BRIEF DESCRIPTION OF THE DRAWINGS

The invention will now be explained so as to enable those skilled in the art to make and use the same in the following portions of the specification when taken in conjunction with the attached drawings in which like reference characters identify identical apparatus and in which;

FIG. 1 is a block diagram illustrating significant components of the present invention;

FIG. 2 is an illustration of the typical keyboard which forms one of the input devices for use with and a component of the present invention;

FIGS. 3A-3C illustrate a correlation between text and a portion of a page image mode display for an alternate embodiment of the invention;

FIG. 4 is a more detailed block diagram of portions of the inventive apparatus, particularly associated with the display;

FIGS. 5-10 are schematics of the circuits used in different ones of the functional blocks of FIG. 4; specificaly FIG. 5 illustrates the clock circuit 59 to FIG. 4, FIGS. 6-10 illustrate details of the logic circuit 58 of FIG. 4; specifically FIG. 6 shows development of VDATA 2, FIG. 7 shows development of CRV 1 (an input to the circuit of FIG. 6); FIG. 8 shows development of the composite video VIDCOMP; FIG. 9 shows development of BLNK*, an input to the circuit of FIG. 7 and FIG. 10 shows development of EDGE, an input to the circuit of FIG. 6;

FIGS. 11A-11D illustrate the page image mode display for the same document with a cursor positioned at four different locations;

FIGS. 11E-11G are three text mode displays required to illustrate, in text mode, the entire document displayed in the page image mode displays of any of FIGS. 11A-11D;

FIG. 12 is a representation of document memory which will produce the display as shown in FIGS. 11A-11G, in connection with the present invention;

FIG. 13 is a high level flow diagram which is useful in understanding the overall processing performed in accordance with the present invention;

FIG. 14 is a map showing several significant functional components of system RAM in accordance with the present invention;

FIGS. 15A-15C provide a detailed flow diagram of the interrupt handler processing;

FIGS. 16.1-16.18 provide a detailed flow diagram for the main system routine in accordance with the present invention;

FIGS. 17.1-17.12 illustrate a detailed flow diagram for text mode processing in accordance with the present invention;

FIGS. 18.1-18.11 illustrate a detailed flow diagram for the cursor related processing in accordance with the present invention;

FIGS. 19.1-19.31 illustrate a detailed flow diagram for the page image mode processing in accordance with the present invention;

FIGS. 20.1-20.12 provide a detailed flow diagram of the graphics processing in accordance with the present invention; and

FIGS. 21.1-21.4 illustrate typical hyphenate function displays in accordance with the present invention.

DETAILED DESCRIPTION OF PREFERRED EMBODIMENTS

The basic objective of the invention is to provide the operator with an instrument which is natural and easy to use without, at the same time, sacrificing a great deal in terms of equipment complexity or cost.
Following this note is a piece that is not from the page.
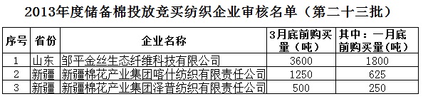 2013年度儲備棉投放競買紡織企業(yè)審核名單(第二十三批)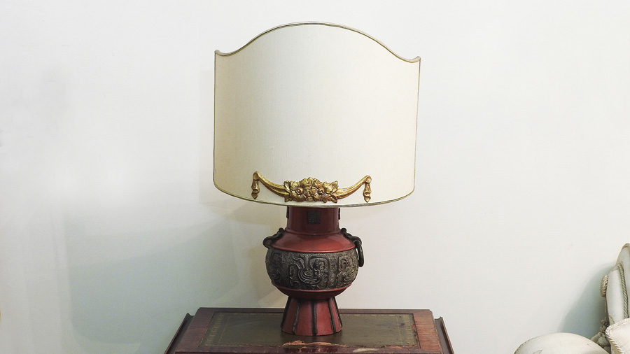 LUME DA TAVOLO IN TERRACOTTA SMALTATA ROSSA Manifattura Zaccagnini corpo globulare con fascia decorata con greche e disegni fantastici, corredato da paralume, difetti e mancanze h cm 31 Glazed Terracotta TABLE LAMP, MANIFATTURA ZACCAGNINI

To this end, the system of the invention includes at least a keyboarding entry unit, a processor or processor like device for responding to the input information and manipulating that information so that it can be employed by the remaining system components, a printer which is arranged to print the completed document when it has achieved the form desired by the operator, replaceable media memory to allow the document to be stored, and later recalled and edited or printed without requiring re-keyboarding of the information which had been previously keyboarded, and a display unit to assist the operator in entry, editing and formatting functions.

Preferably, the display unit is a cathode ray tube, and features of the invention impose minimal burden on the CRT so that a relatively inexpensive cathode ray tube even down to and including a conventional TV set or monitor can be used as the display. Associated with the display, to enable it to be used effectively, is additional hardware providing at least for refresh memory and associated logic and control hardware for use of the display in either of its two modes.
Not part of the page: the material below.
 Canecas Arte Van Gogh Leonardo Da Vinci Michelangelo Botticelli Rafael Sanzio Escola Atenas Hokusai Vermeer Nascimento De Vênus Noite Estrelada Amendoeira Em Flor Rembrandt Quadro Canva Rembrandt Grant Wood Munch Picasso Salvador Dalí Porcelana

In a first or text mode, typically used when the operator is keyboarding text, the display is unformatted in that the operator's previous selections as to margins (either permanent or temporary, tabs, page length) and the like play no part in the form of the display viewed by the operator. The display consists of a series of lines of text starting with the first line keyboarded by the operator, line length being dependent almost solely on the amount of text that can be accomodated in a horizontal text line on a display. The operator need not key in carrier returns and thus, initial keyboarding is essentially unformatted. The only format decisions which are reflected on the display are operator entered carrier returns (for example, such as those used at the end of a paragraph) and required (indent) tabs (for example, at the beginning of a paragraph). The former format decision is exhibited on the display typically by prematurely terminating a line, the latter format decision is illustrated on the display by the use of a single unique symbol, (regardless of the actual length of the desired indent tab which the printer will ultimately produce).

On succeeding lines an indent will occur on the display aligning the text to the right of the rightmost previous required tab. This indenting is terminated by a required carrier return. Some functions are displayed by unique graphics when the cursor is at their location.
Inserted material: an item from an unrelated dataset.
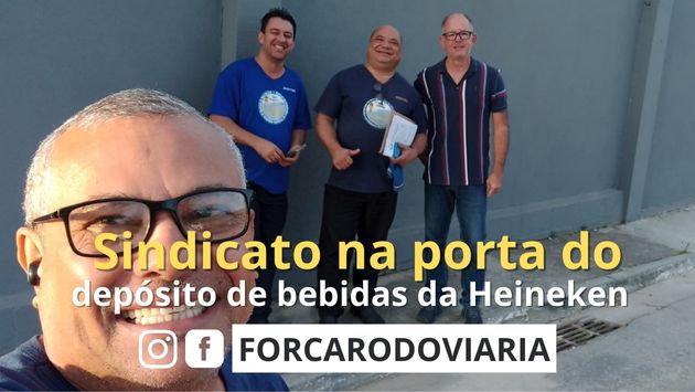 Nesta quinta-feira, dia 23, o Sindicato esteve na porta do depósito de bebidas da Heineken, no bairro Bracuí, por causa de mais uma reunião de apresentação da Convenção Coletiva com os funcionários da empresa.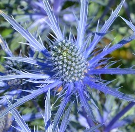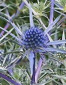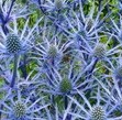 An old hybrid that may be the result of crosses between E.gigantum, E. alpinum, and E. planum, this sea holly most resembles E. alpinum. The lower leaves are heart-shaped, the upper ones palmately divided. The light blue flowerheads are 1.5 inches across and are subtended by stiff, spiny bracts. May need staking.

At any time during the initial keyboarding the operator can preview what the keyboarded text would look like if printed, by switching the display to the page image mode with the use of controls readily accessible on the keyboard.

In the page image mode the same display is capable of allowing a preview of an entire page of text (for example, up to 78 lines of text). Resolution limits imposed by the size of the display screen force a change in character font, so that any character or punctuation graphic regardless of its identity is displayed in identical fashion. Accordingly, it will be impossible for the operator to read the page previewed on the display in the page image mode, but on the other hand, the format of that page, i.e., text filled versus empty locations will be readily apparent.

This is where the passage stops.